LONDON, (Reuters) – Two white men were jailed today for murdering a black teenager in London 1993, a landmark case which exposed the “institutional racism” of the capital’s police in an official inquiry into the initial botched investigation.
Judge Colman Treacy ruled Gary Dobson should serve a minimum 15 years and two months and David Norris 14 years and three months for the murder of Stephen Lawrence at a bus stop, calling it an “evil crime” motivated by “racial hatred.”
Lawrence was stabbed to death in the unprovoked attack, lasting only around 10 seconds, by a gang of white youths. The trial had heard that at least three more people had been in the gang, all of whom are still at large.
The victim’s parents had fought a long legal battle to bring their son’s killers to justice, forcing Britons to face up to the casual racism that was still rife in an increasingly multicultural country.
“A totally innocent 18-year-old youth on the threshold of a promising life was brutally cut down in the street in front of eye witnesses by a racist, thuggish gang,” Treacy told a packed courtroom at the Old Bailey, London’s central criminal court.
Dobson, now 36, and Norris, 35, were found guilty on Tuesday after a six-week trial that hinged on new scientific evidence presented by prosecutors.
The relatively light minimum sentences reflect the fact that Dobson and Norris were under 18 when Lawrence was murdered.
ECHOES OF ROSA PARKS
A lawyer who had previously represented the Lawrence family said the case was a watershed for British society and had echoes of the 1950s bus boycott that helped to transform race relations in the United States.
“The Stephen Lawrence case was a Rosa Parks moment for British society,” Matthew Ryder told BBC Radio 4.
“The (subsequent) inquiry took us beyond the crude, violent sort of racism which every reasonable person would condemn and it led us towards the more subtle forms of racism and stereotyping which a lot of people previously dismissed.”
The case became a catalyst for change after exposing deep-rooted failings in London’s Metropolitan Police.
A 1999 report by senior judge William Macpherson said the murder had exposed “institutional racism” in the force and accused officers of incompetence and a failure of leadership.
The Lawrence case also helped end the 800-year-old judicial doctrine of double jeopardy, which had previously prevented suspects from being tried twice for the same crime.
Dobson was acquitted of the murder in 1996 when a private prosecution brought by the teenager’s parents collapsed.
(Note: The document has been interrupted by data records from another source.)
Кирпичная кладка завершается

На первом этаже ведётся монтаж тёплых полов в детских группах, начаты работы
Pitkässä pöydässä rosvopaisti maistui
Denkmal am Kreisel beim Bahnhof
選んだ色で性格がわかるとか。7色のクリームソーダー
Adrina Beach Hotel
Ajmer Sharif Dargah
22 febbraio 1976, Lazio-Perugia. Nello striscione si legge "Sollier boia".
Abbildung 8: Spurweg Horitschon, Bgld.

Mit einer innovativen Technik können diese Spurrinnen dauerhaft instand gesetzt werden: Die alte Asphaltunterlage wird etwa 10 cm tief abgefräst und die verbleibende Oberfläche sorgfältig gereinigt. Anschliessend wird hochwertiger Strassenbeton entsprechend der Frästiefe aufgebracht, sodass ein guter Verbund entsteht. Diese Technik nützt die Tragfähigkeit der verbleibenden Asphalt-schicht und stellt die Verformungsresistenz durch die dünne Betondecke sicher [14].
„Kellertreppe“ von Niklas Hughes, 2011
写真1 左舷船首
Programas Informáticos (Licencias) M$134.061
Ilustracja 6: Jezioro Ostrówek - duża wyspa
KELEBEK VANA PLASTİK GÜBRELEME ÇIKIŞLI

The Court of Appeal quashed that acquittal in May 2011 and said Dobson could stand trial again, a decision made possible after double jeopardy was scrapped in 2005.
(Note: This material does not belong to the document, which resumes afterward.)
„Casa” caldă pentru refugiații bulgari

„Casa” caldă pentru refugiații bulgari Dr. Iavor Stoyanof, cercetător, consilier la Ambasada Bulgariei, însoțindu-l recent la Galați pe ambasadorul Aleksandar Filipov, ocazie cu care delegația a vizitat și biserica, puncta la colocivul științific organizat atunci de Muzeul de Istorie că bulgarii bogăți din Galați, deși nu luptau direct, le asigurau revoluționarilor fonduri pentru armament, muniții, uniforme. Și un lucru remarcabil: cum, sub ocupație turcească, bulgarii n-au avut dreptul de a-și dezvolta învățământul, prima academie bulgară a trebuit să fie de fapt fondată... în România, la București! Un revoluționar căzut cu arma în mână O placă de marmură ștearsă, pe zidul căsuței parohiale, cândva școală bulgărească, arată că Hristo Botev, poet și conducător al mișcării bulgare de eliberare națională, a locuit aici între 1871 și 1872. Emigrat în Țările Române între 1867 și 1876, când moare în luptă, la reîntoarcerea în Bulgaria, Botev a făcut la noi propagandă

The bravery and dignity of the victim’s parents, who were born in Jamaica and buried their son on the Caribbean island, struck a chord with families across Britain.
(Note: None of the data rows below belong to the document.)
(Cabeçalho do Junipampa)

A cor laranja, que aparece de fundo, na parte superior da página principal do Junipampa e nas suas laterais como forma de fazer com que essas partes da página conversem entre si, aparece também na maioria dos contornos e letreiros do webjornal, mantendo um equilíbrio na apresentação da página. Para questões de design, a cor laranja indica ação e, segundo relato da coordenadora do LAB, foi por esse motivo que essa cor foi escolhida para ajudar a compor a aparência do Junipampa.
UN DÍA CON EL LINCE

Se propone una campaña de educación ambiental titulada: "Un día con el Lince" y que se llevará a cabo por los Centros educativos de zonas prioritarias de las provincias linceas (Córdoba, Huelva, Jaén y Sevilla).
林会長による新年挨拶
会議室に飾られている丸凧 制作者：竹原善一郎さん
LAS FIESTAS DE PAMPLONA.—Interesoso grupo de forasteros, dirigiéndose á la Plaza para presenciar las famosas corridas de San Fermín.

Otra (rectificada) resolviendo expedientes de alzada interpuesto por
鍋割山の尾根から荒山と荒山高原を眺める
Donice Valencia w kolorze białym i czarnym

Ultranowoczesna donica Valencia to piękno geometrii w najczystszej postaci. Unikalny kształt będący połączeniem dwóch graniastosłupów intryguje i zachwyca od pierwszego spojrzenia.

Nelson Mandela gave them his backing during a visit to Britain shortly after the killing in 1993.
Attention will now turn to trying to prosecute three or four other men in the gang that swallowed up and stabbed Lawrence in the brief but coordinated attack on a suburban London street.
“The other people involved in the murder of Stephen Lawrence should not rest easily in their beds,” London police commissioner Bernard Hogan-Howe told reporters shortly before sentencing. “We are still investigating this case.